Liquidity issues are not only fatal to the development of DeFi, but also to NFTs. In this report, we will focus on the liquidity problem of NFTs and their solutions, not only because it is seen as the main gateway to Web3, but also because it has lower barriers to entry and more diverse use cases.
This report will cover the following topics:
- Briefly describe the liquidity problems of current NFTs
- Why is the liquidity of NFTs insufficient?
- What are the existing solutions for NFT liquidity?
- Other Ideas for NFT Liquidity Solutions
What are the liquidity problems of NFTs?
While NFTs have been active in 2021 and early 2022, the level of NFT transaction activity can only be described as good compared to DeFi. The top 15 NFT markets account for the vast majority of the global NFT market, but their combined trading volume is less than 2% of that of decentralized cryptocurrency exchanges, not to mention centers with over $14 trillion in trading volume in 2021 exchange.
Data updated on July 6, 2022
The current volatility of the NFT financial market caused by whale centralization has also exacerbated liquidity problems. In most Ethereum-based NFT markets, 0.06% of whales (with over $1 million in NFT holding value) hold $5.7 billion worth of NFTs, out of $22.2 billion in global NFTs as of July 6, 2022 25.7% of the market capitalization.
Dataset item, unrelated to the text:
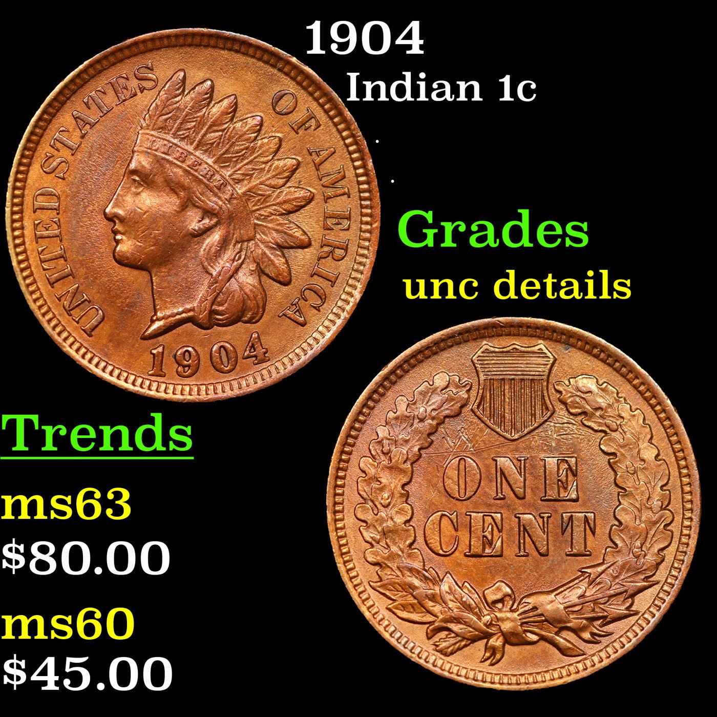 1904 Indian Cent 1c Grades Unc Details.

Data updated on July 6, 2022
Why is NFT trading illiquid?
What separates NFTs from fungible tokens is their rarity and utility. NFT investors can easily trade tokens like Ethereum and Sol via DEX/AMM, but the buyer pool for each NFT sale is actually much smaller, so the volume shown above is also relatively small.
Difficult to price
While NFTs have huge imaginations in “moving” the current narrative of physical asset chains, they are still very novel to the mass market. The lack of historical data points and widely accepted valuation analysis is a key reason why it is difficult to hype and price. Even NFTs within the same series can have vastly different prices due to differences in rarity and subjective opinion. This leads to low liquidity and unsatisfactory capital efficiency.
Similar to real estate like real estate, even in a bear market, the average price range for blue-chip NFTs is between $11K-$120K. High barriers to entry have caused many investors to lose their interest, resulting in NFT sharding, which we will discuss in a later section.
Not to be sold
Many NFT investors invest in a diamond hand strategy (a strategy that intends to hold stocks or other assets firmly) and are reluctant to sell their NFTs in exchange for instant liquidity. Therefore, the development of NFT financialization is a hot topic to solve the NFT liquidity problem.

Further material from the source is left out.